- [WHAT YOU ARE ASKED TO DO]: Starting at the line that contains "I think some" and stopping at the line that contains "L’immobile si apre", restate each line of the records below exactly. Omit the pictures.

- [INFORMATION GIVEN]:
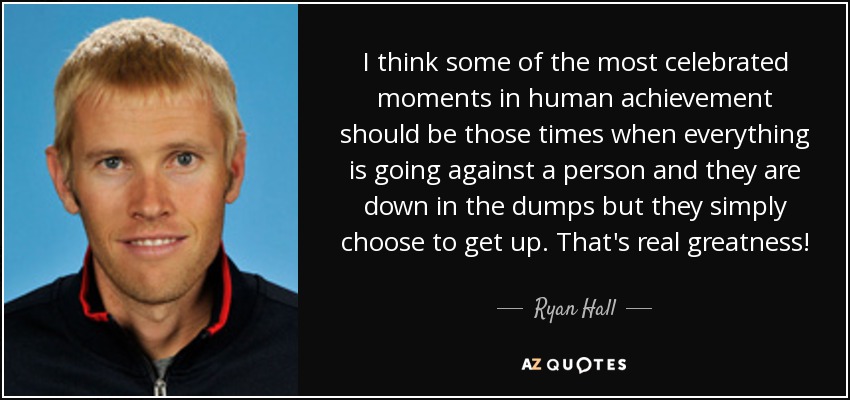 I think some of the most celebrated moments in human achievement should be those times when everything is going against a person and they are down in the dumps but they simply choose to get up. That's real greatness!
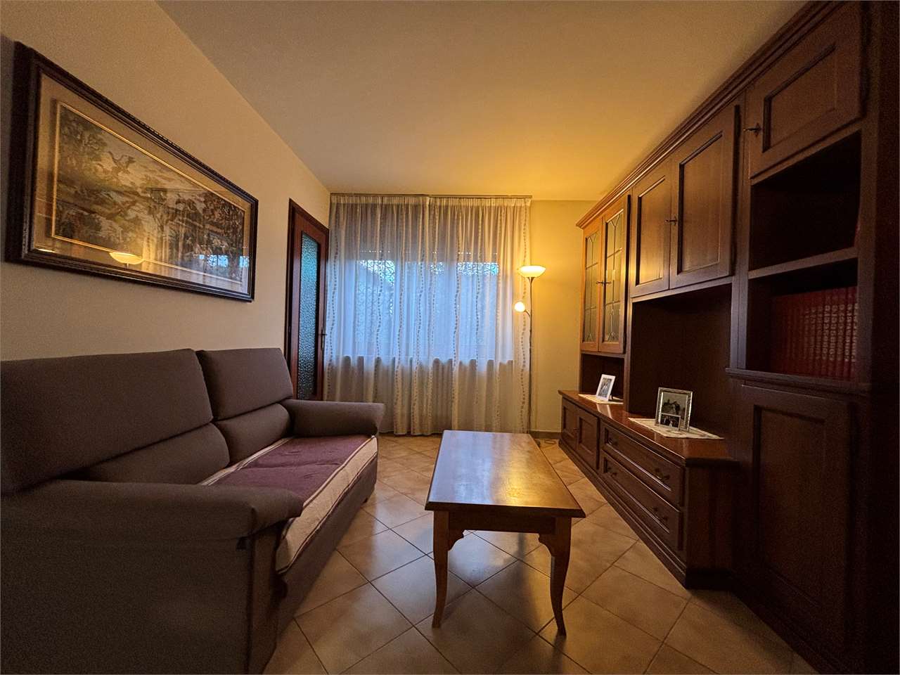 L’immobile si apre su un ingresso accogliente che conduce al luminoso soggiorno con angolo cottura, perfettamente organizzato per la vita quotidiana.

* * *

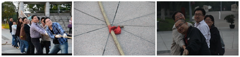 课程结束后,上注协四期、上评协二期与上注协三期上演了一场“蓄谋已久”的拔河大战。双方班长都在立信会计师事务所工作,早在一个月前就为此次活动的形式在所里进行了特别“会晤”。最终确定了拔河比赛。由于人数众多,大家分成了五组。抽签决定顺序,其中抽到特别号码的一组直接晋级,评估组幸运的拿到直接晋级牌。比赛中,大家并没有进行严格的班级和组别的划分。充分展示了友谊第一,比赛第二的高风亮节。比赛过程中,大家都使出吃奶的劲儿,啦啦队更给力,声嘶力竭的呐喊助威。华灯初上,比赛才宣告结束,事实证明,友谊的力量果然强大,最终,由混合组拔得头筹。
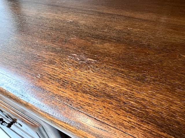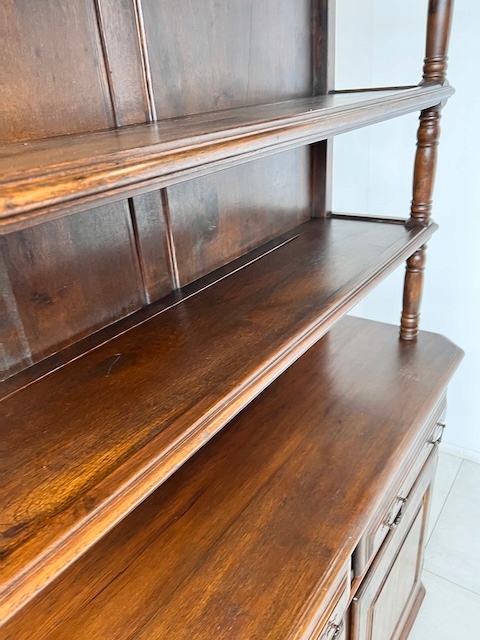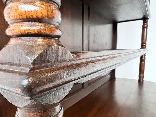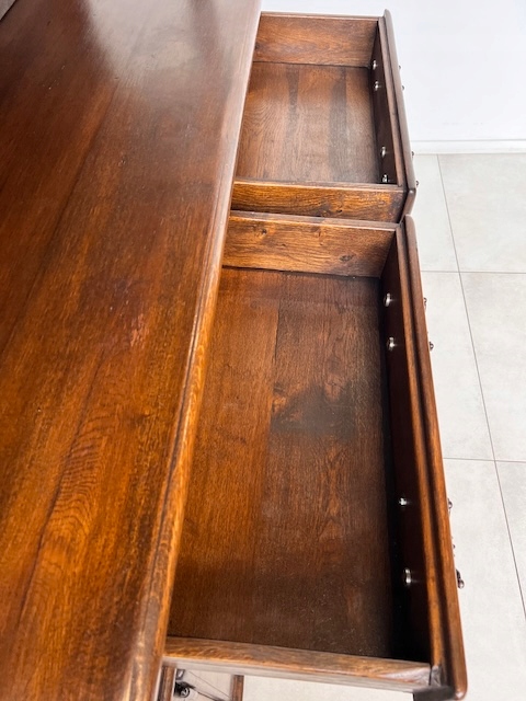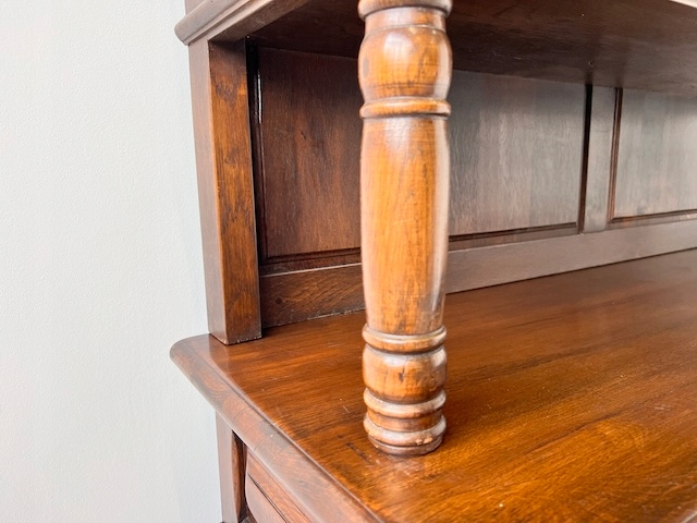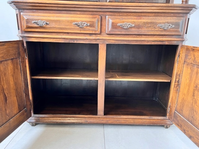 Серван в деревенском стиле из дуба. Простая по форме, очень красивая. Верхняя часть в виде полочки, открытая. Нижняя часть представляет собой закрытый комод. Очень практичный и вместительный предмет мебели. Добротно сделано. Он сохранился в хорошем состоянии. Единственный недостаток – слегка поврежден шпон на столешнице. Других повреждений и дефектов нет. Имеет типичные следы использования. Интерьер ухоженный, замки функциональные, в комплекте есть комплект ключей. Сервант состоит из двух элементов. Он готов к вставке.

==

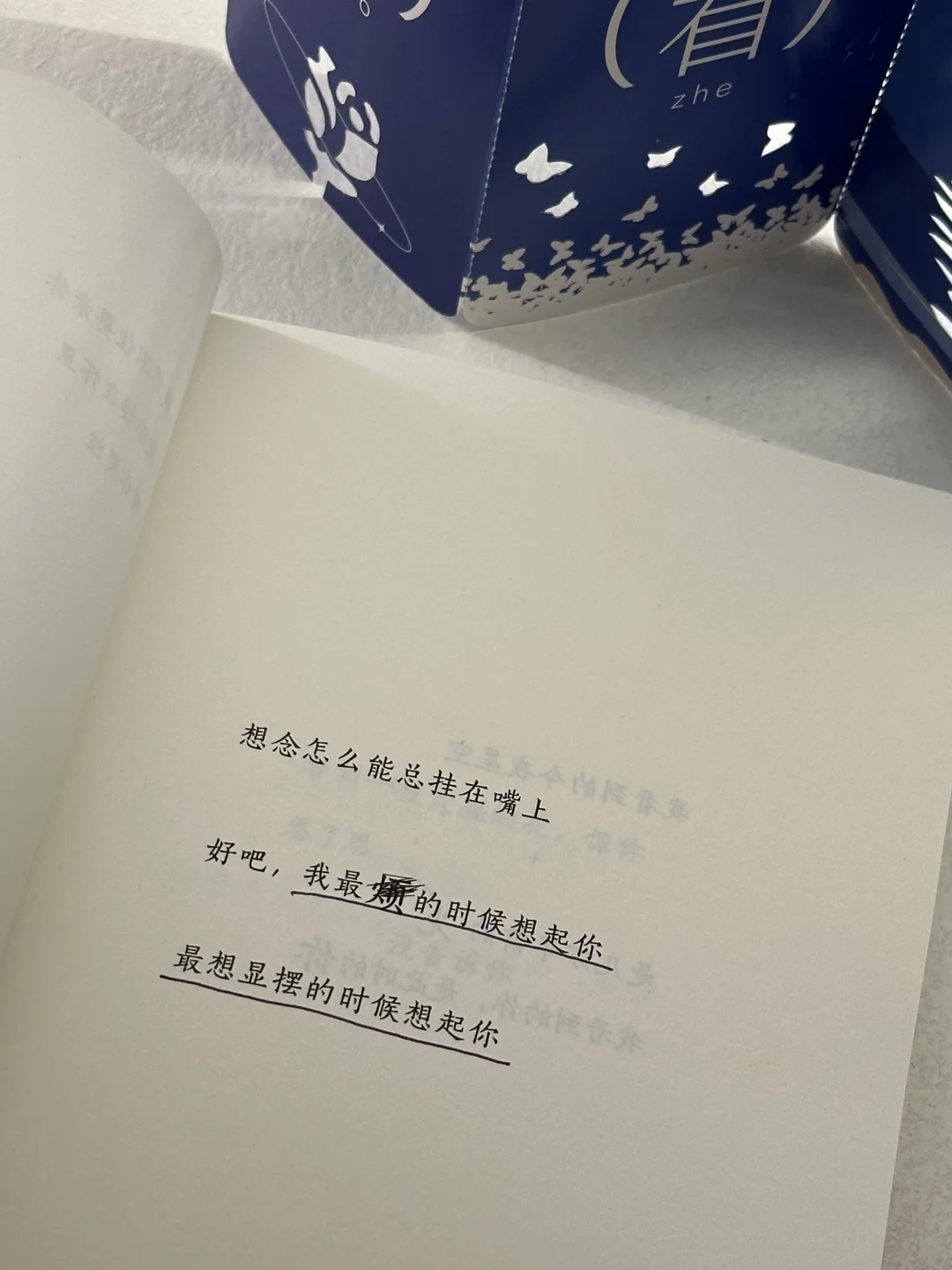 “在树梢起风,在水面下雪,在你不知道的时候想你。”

- [ANSWER SECTION]:
 I think some of the most celebrated moments in human achievement should be those times when everything is going against a person and they are down in the dumps but they simply choose to get up. That's real greatness!
 L’immobile si apre su un ingresso accogliente che conduce al luminoso soggiorno con angolo cottura, perfettamente organizzato per la vita quotidiana.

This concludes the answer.